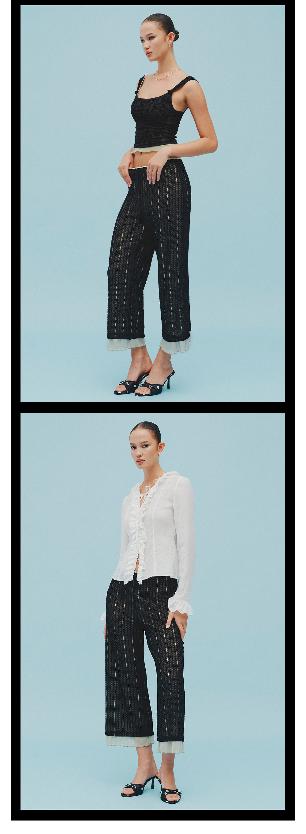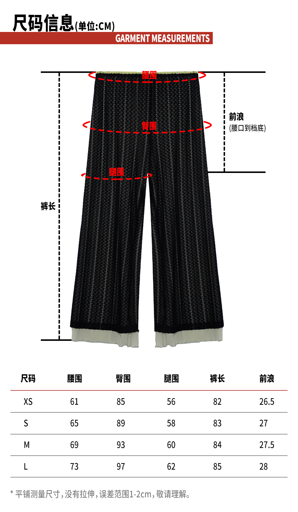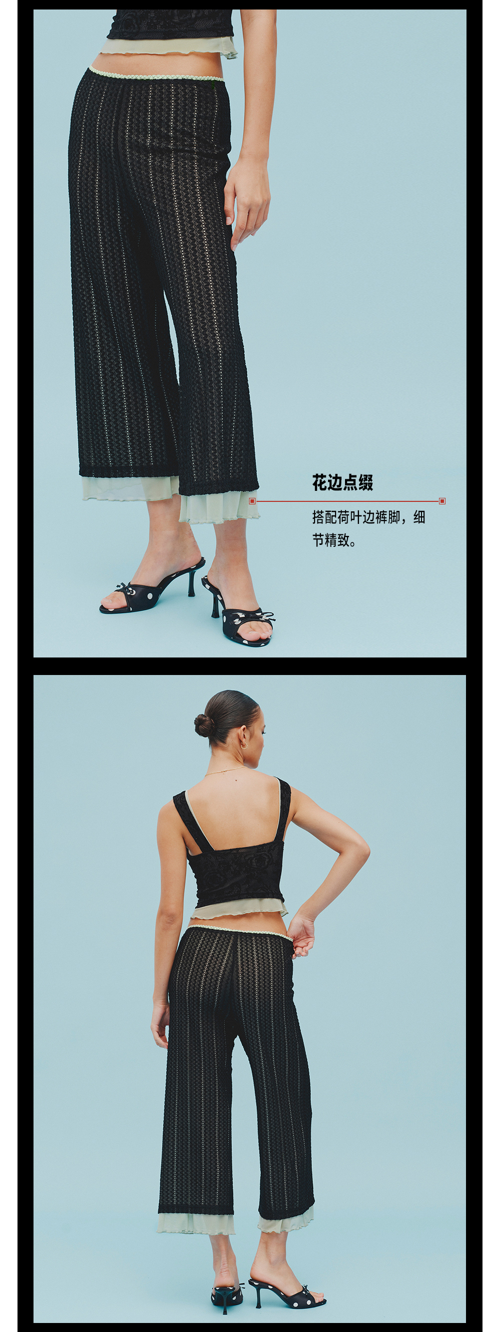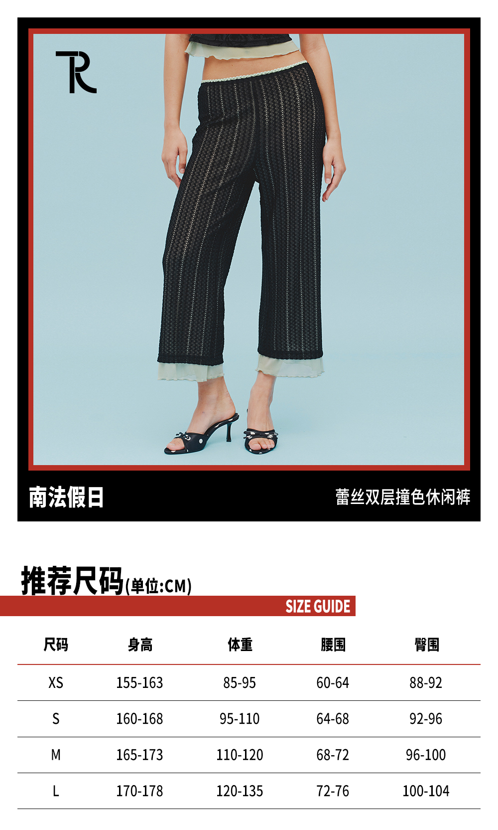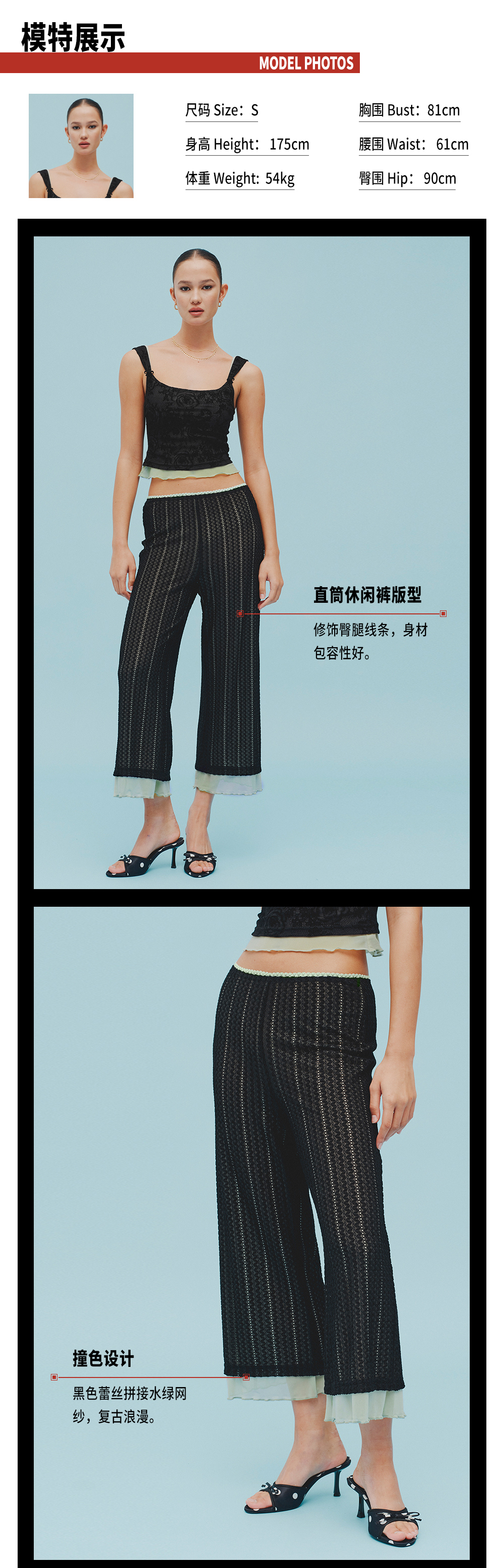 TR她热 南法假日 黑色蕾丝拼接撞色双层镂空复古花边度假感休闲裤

=======

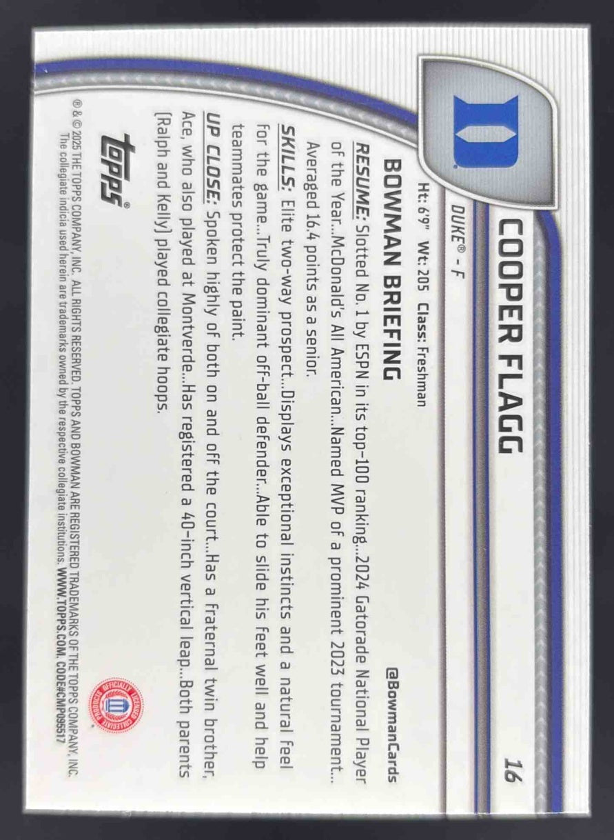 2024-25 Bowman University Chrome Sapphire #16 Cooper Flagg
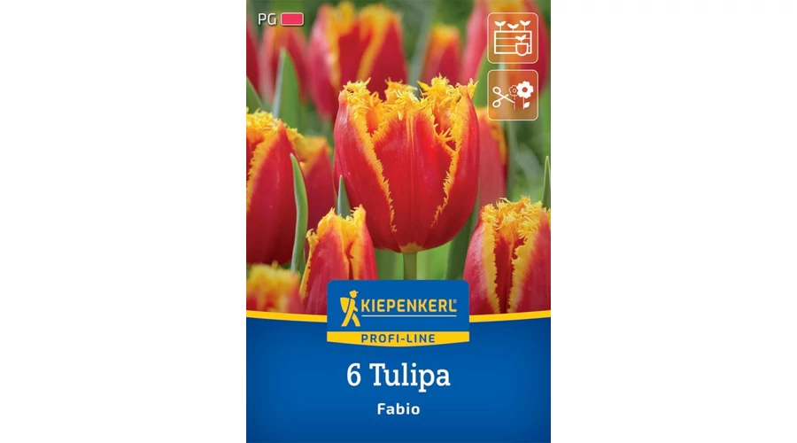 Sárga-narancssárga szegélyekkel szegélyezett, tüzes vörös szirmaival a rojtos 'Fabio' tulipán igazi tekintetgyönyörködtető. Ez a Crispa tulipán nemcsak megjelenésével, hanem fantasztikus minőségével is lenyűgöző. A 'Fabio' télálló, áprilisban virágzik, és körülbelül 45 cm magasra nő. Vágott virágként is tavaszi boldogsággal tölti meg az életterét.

=======

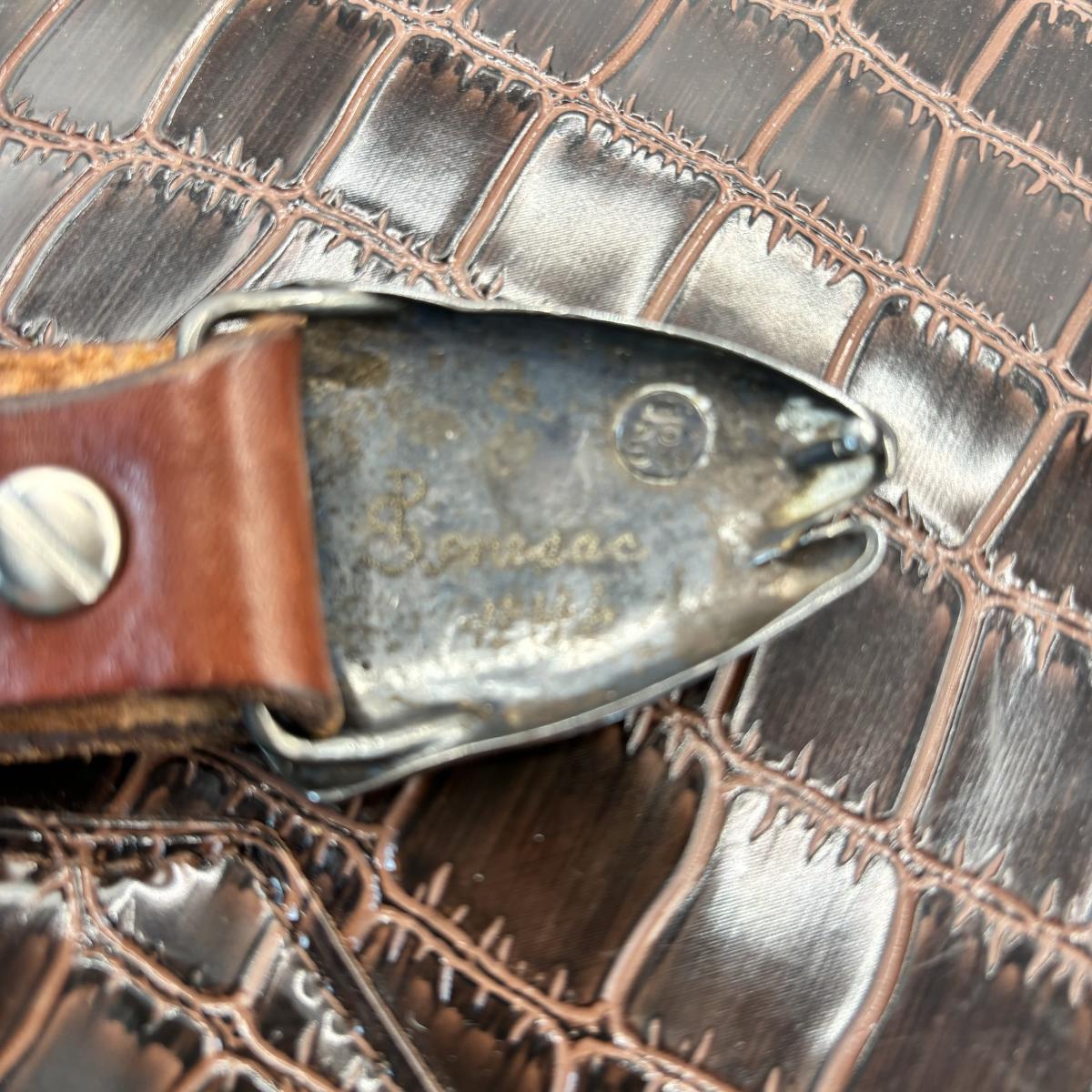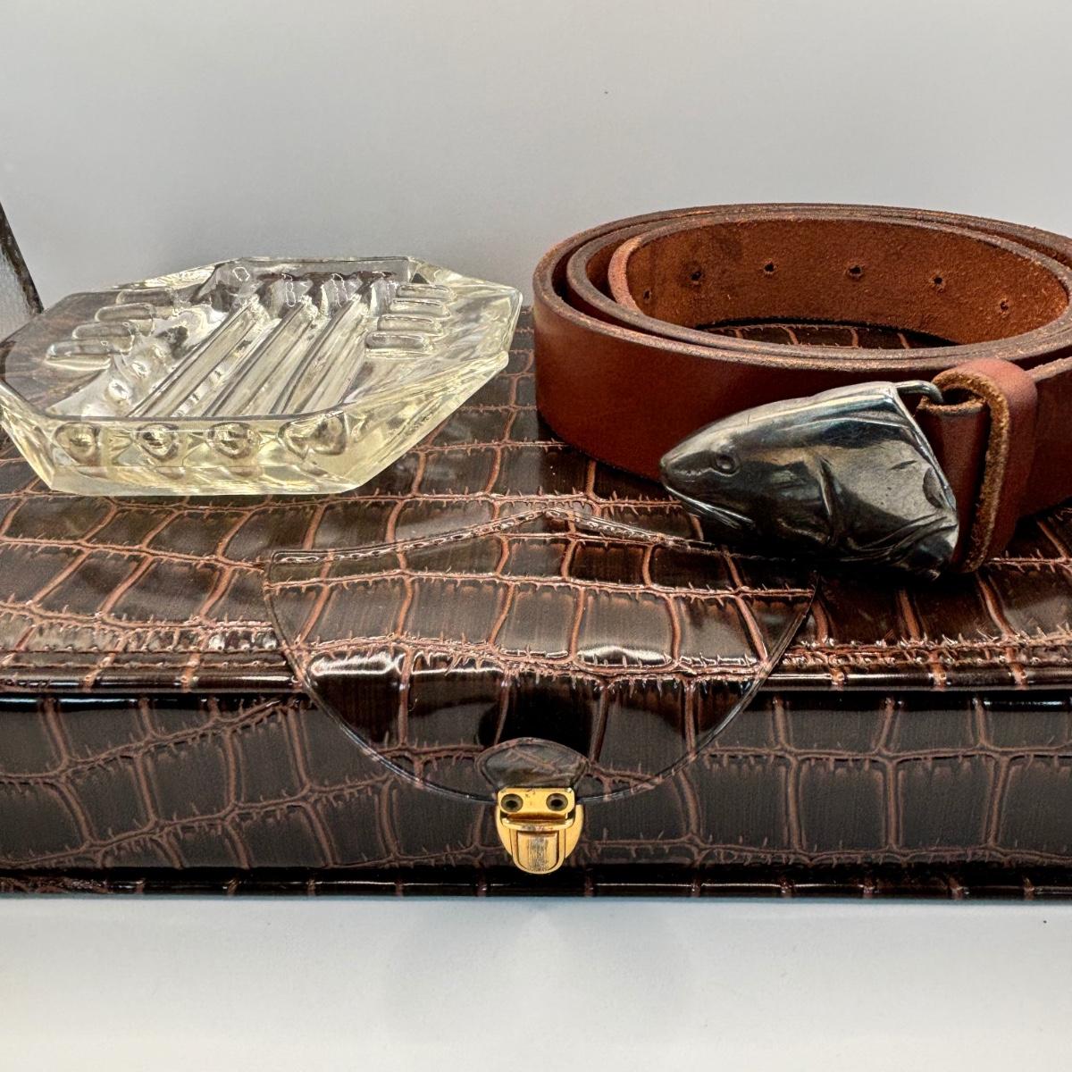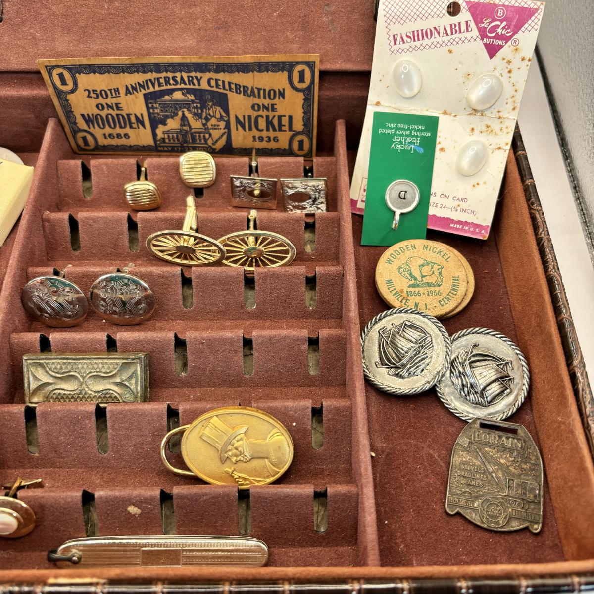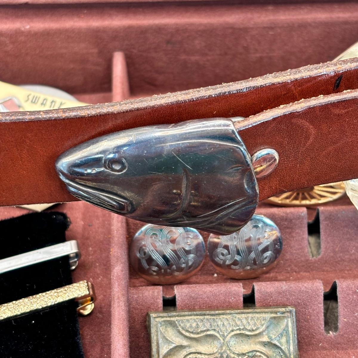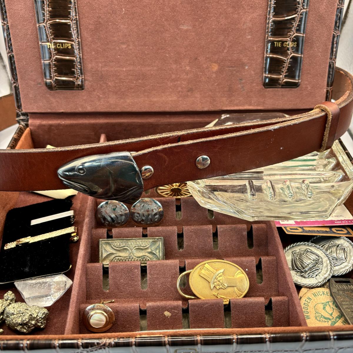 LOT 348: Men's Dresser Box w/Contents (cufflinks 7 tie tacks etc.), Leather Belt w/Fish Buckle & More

=======

Look through the listing above for the line with "2024-25 Bowman University" and the line with "Sárga-narancssárga szegélyekkel szegélyezett, tüzes". Write out exactly those lines and everything between, leaving out pictures.

 2024-25 Bowman University Chrome Sapphire #16 Cooper Flagg
 Sárga-narancssárga szegélyekkel szegélyezett, tüzes vörös szirmaival a rojtos 'Fabio' tulipán igazi tekintetgyönyörködtető. Ez a Crispa tulipán nemcsak megjelenésével, hanem fantasztikus minőségével is lenyűgöző. A 'Fabio' télálló, áprilisban virágzik, és körülbelül 45 cm magasra nő. Vágott virágként is tavaszi boldogsággal tölti meg az életterét.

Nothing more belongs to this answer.